The following is a summary of “A Therapeutic Antigen-Presenting Cell-Targeting DNA Vaccine VB10.16 in HPV16-Positive High-Grade Cervical Intraepithelial Neoplasia: Results from a Phase I/IIa Trial ” published in the November 2022 issue of Clinical Cancer by Hillemanns et al.
Using a novel modular vaccination technique based on attaching antigens to a CCL3L1 targeting module, researchers will test the safety, immunogenicity, and efficacy of a therapeutic Deoxyribonucleic acid(DNA) vaccine, VB10.16 in women with HPV16-positive high-grade cervical intraepithelial neoplasia (CIN).
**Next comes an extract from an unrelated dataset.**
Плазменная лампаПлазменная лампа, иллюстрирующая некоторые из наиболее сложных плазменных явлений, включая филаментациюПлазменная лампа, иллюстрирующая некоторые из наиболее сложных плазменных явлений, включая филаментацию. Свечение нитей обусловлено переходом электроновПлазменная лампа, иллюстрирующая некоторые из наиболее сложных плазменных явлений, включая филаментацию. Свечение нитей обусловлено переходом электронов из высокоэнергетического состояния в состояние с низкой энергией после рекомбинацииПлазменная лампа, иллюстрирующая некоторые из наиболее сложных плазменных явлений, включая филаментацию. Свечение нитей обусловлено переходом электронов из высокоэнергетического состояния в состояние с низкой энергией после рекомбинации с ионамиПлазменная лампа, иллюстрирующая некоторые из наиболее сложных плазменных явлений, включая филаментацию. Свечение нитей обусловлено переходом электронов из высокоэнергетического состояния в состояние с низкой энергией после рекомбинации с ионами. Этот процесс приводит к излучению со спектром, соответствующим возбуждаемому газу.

Researchers evaluated VB10.16 in phase I/IIa open-label study in patients with HPV16-positive CIN 2/3. Rates of adverse events, including dose-limiting toxicities, were the key measure of success. In addition, E6/E7-specific cellular immune response was measured as a secondary endpoint.
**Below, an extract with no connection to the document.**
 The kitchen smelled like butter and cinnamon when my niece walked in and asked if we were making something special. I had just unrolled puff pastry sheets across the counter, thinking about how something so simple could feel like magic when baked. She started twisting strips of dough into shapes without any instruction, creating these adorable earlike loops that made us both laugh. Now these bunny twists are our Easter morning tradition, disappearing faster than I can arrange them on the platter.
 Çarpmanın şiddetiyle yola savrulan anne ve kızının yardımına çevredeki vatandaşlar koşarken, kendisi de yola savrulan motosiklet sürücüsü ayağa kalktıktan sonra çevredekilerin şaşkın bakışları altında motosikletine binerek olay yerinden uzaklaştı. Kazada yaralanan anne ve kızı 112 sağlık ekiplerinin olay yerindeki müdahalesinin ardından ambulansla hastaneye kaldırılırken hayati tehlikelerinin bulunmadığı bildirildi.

HPV16 clearance, regression of CIN lesion size, and regression of CIN grade were evaluated over a 12-month follow-up in the Expansion cohort. Researchers enrolled a total of 34 females (18 in the expansion cohort and 16 in each of 2 dosage cohorts). In addition, no participants discontinued treatment with VB10.16 because of adverse events, and no significant adverse events or dose-limiting toxicities were identified. Most reported adverse events (79%) were classified as mild to moderate injection site responses.
After vaccination, most people showed signs of having HPV16-specific T-cell responses. About 8 of 17 (47.3%) evaluable participants in the expansion cohort achieved HPV16 clearance. About 10 patients (59%) regressed to CIN 0/1, and 16 (94%) saw a reduction in lesion size. There was a statistically significant (P<0.001) correlation between high levels of IFN T-cell responses and diminished lesion size. Positive effectiveness data and robust HPV16-specific T-cell responses were observed in participants with high-grade CIN after vaccination with the new therapeutic DNA vaccine VB10.